Bias konfirmasi atau confirmation bias adalah suatu kecenderungan bagi orang-orang untuk mencari bukti-bukti yang mendukung pendapat atau kepercayaannya serta mengabaikan bukti-bukti yang menyatakan sebaliknya. Dalam pergaulan di media sosial, fenomena ini juga dengan fenomena filter bubble dan echo chamber yang menyebabkan berkelompoknya orang-orang dengan ide, pemikiran atau keyakinan yang sama, dan meberikan jarak kepada yang berbeda pandangan.
Pemilihan bukti-bukti yang “disukai” juga dikenal dengan istilah chery picking. Petik ceri (bahasa Inggris: cherry picking), bukti timpang (suppressing evidence), atau kesesatan bukti tak lengkap (fallacy of incomplete evidence) adalah tindakan memilih-milih kasus atau data individual yang dipandang dapat membenarkan keadaan tertentu, sambil mengabaikan sebagian besar kasus atau data terkait yang bertentangan dengan keadaan tersebut. (wikipedia)
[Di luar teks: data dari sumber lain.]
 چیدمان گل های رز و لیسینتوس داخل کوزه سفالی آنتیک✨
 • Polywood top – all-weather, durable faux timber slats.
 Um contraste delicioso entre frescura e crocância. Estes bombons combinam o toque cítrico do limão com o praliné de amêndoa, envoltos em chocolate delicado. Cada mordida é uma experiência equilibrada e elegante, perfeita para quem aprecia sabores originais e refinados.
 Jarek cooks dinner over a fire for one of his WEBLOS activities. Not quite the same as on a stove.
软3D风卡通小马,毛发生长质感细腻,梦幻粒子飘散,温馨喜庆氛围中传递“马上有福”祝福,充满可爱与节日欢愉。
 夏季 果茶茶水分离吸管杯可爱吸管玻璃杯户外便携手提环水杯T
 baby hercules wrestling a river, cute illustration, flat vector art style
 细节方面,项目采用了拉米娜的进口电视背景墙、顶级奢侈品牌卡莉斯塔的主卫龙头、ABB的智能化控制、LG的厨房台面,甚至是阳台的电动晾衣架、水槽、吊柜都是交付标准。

Dalam mencari kebenaran memang diperlukan hipotesa awal, lalu dicari bukti-bukti. Kalau dalam perjalanannya bukti-bukti melawan hipotesa awal, maka kesimpulannya tidak terbukti, jadi fakta berbalik. Mencari bukti-bukti yang mendukung saja tidak sesuai dengan asal pencarian kebenaran. Kesalahan pemikiran ini menyebabkan penarikan kesimpulan yang salah dan merintangi pembelajaran yang efektif.
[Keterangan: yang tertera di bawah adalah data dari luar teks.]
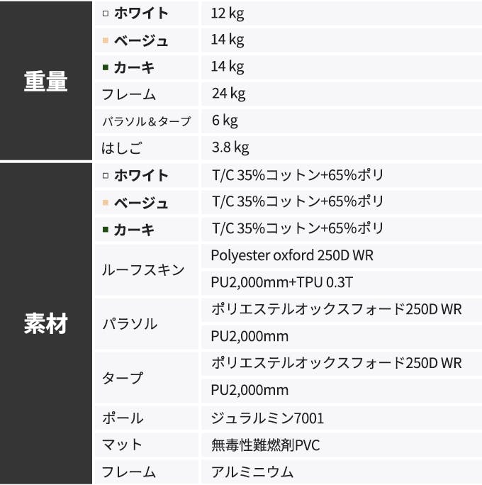 更に、カーキ色のバージョンとベージュ色のバージョンはパラソルとタープの内部が遮光コーティングになる予定であり、より大き目のタープを提供するので、より快適で解放感あるアウトドア体験ができます。
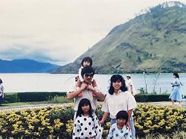 写真は、JUNの海外駐在員便りからジャカルタはスマトラ島での家族写真。この後、予想外に早い帰国命令が出て、さて子供たちの教育は? 海外駐在員便り「予想外の帰国命令」
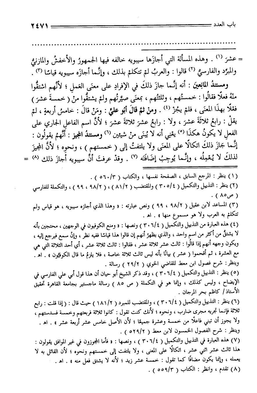 (¬2) ينظر: التذييل والتكميل (4/ 305) والمقتضب (2/ 81)، (2/ 98، 99)، والتكملة للفارسي (ص 85).
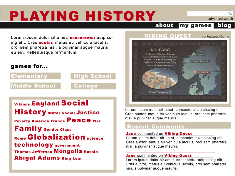 I know that's kind of the purpose of playing with language, but I think a much smaller sub-heading, directly below the title that gives the basic run-down: "your source for history-related games on the web" or whatever would keep the focus.
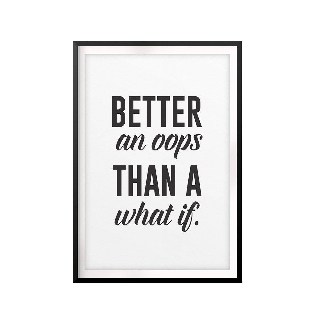 Better an OOPS Than A What If. UNFRAMED Print Inspirational Wall Art
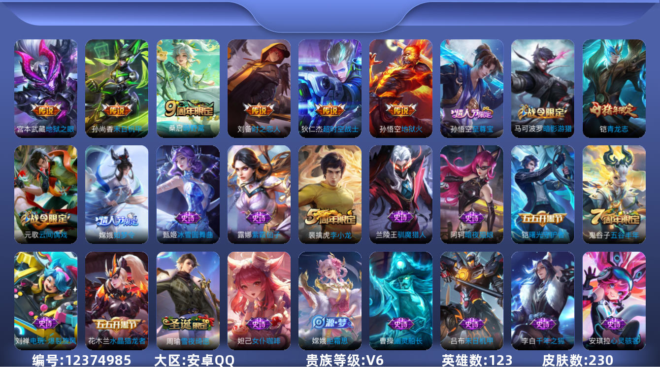 [12374985]【商品标题】:安卓Q-V6-荣耀黄金I段位-123英雄-230皮肤-0典藏-0珍品无双-0无双-0珍品传说-6传说-62史诗
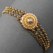 14kt gouden armband van driestrengs jasseronschakels aan 14kt gouden filigrain bakslot en veiligheidsketting, gewicht 6,8 gram, circa 19 cm
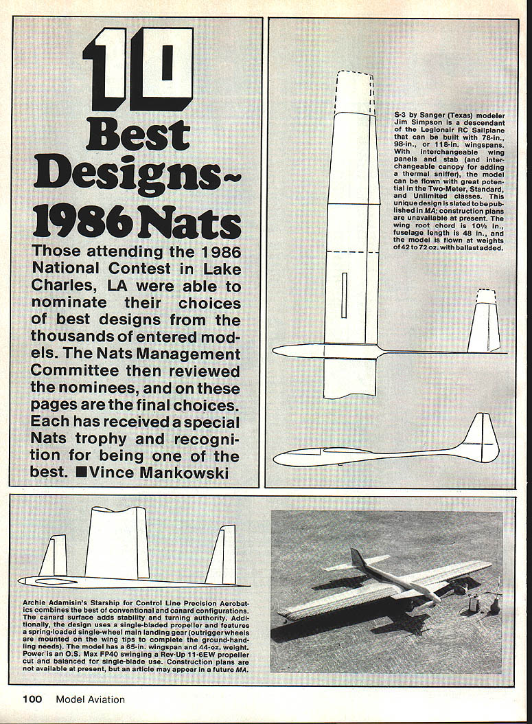 S-3 3w Leg can b 98-In WIth inte panels ana changeable thermal ar can flown tial Two UnlImita unlqueda lished unavalla wing root fucalage Icr model i of42to72oz 100 Model Aviation February 1987 101 r / /137jj 102 Model Aviation N I 1J
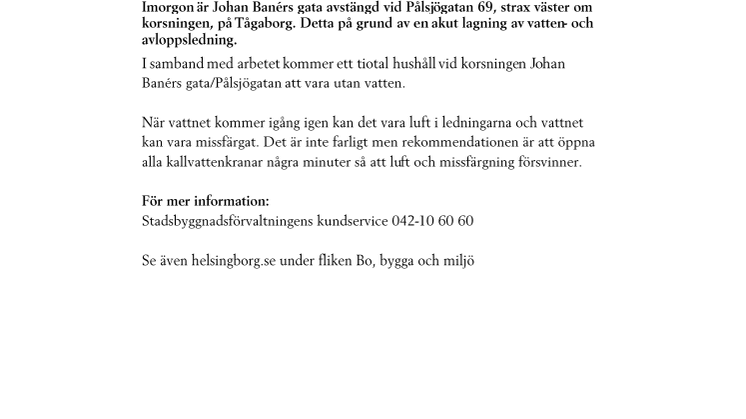 Imorgon är Johan Banérs gata avstängd vid Pålsjögatan 69, strax väster om korsningen, på Tågaborg. Detta på grund av en akut lagning av vatten- och avloppsledning.
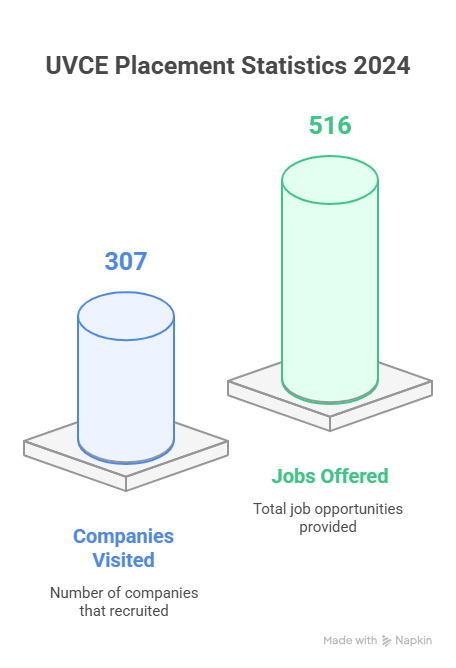 UVCE Placement Report 2025 has not been released yet. However, 307 recruiters participated in the placement drive, offering a total of 516 jobs in UVCE Placements 2024. Some of the top recruiters included Tally Solutions, Robert Bosch, Tesco, Avaya, Deutsche Bank, Ellucian, and Oracle, to name a few.
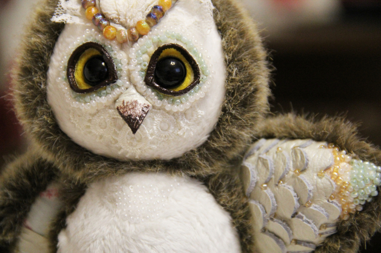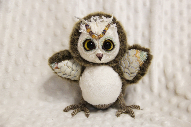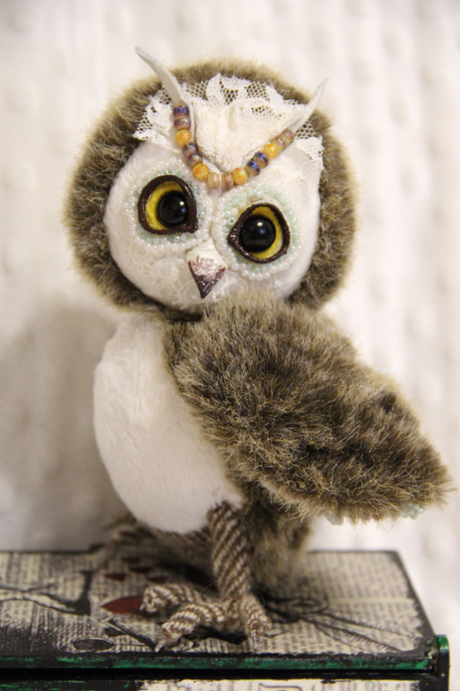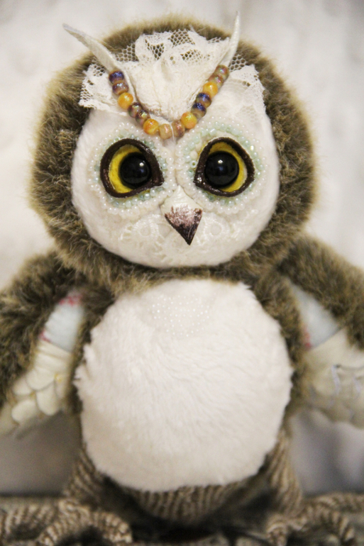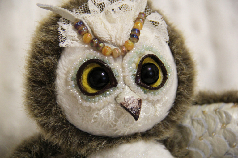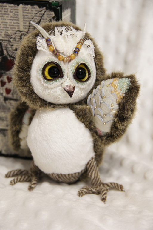 Тедди: мишки и их друзья.Эта совушка шилась для конкурса в инстаграм, результаты будут известны еще не скоро, а я к Вам за советом... В общем задание такое - сшить фактурную совушку с использованием самых различных материалов, и обязательно хоть одну бисеринку пришить. ну и чтобы выкройка и идея была своя...

Mengenai kesalahan dalam pola berpikir bias konfirmasi disinggung secara tidak langsung oleh Francis Bacon dalam esainya, Novum Organum. Ia menceritakan mengenai seorang pengunjung di sebuah kuil Romawi yang sebelumnya juga pernah diceritakan oleh Cicero. Orang Romawi bercerita mengenai kehebatan dewa-dewa mereka agar pengunjung tersebut terkesan dan kemudian memperlihatkan sebuah gambar beberapa pelaut yang selamat dari kecelakaan kapal karena rajin berdoa.
Menyikapi hal tersebut, sang pengunjung bertanya, “Di mana gambar mereka yang sudah berdoa tetapi tetap tenggelam?”.
Dari cerita tersebut, penyampai cerita hanya menyampaikan satu sisi bukti, yaitu orang-orang yang selamat karena rajin berdoa, padahal bisa saja ada yang rajin berdoa tapi tidak selamat.
Apa bahayanya jebakan ini dalam pergaulan di media sosial?
Terjebak daam bias konfirmasi menyebabkan kita tidak obyektif dalam menilai suatu berita atau informasi. Karena kita hanya mencari berita yang sesuai dengan keyakinan awal kita, kita akan menyingkirkan berita-berita yang tidak sesuai dengan persepsi awal kita. Itulah bahayanya. Karena bisa jadi berita-berita yang kita singkirkan itu adalah berita yang benar.
Sikap seperti ini mudah membawa kita pada terperangkan informasi hoax, membawa kita pada lingkaran pergaulan (circle) yang sempit, dan menjauhkan dengan orang-orang yang berbeda pandangan. Ini juga menyebabkan informasi yang kita terima jadi tidak lengkap.
Dalam pers ada istilah “cover both side”, membuka dari kedua sisi, atau mencari informasi dari dua sisi. Dengan jebakan bias konformasi kita secara tidak sadar akan melihat suatu informasi atau berita hanya dari satu sisi.
Contohnya, orang yang tidak percaya Covid 19 dan vaksin akan mencari berita-berita yang sesuai dengan keyakinannya. Walaupun banyak ahli dan profesor menyatakan tentang bahaya Covid 19, dia akan lebih percaya pendapat satu orang walaupun dari segi kapasitas tidak terpercaya.
Atau dari 100 berita tentang keamanan vaksin, dia lebih percaya 1 berita tentang KIPI (gejala paska imunisasi/vaksinasi). Itulah, karena dia terperangkan bias konfirmasi, hanya percaya dengan apa yang sudah dipercayai di awal.
Secara umum, berdasarkan yang diketahui saat ini, bias konfirmasi bisa jadi disebabkan oleh keterbatasan kapasitas otak manusia untuk memproses secara lengkap informasi yang tersedia, sehingga menyebabkan kegagalan untuk menafsirkan informasi dengan cara yang netral dan ilmiah.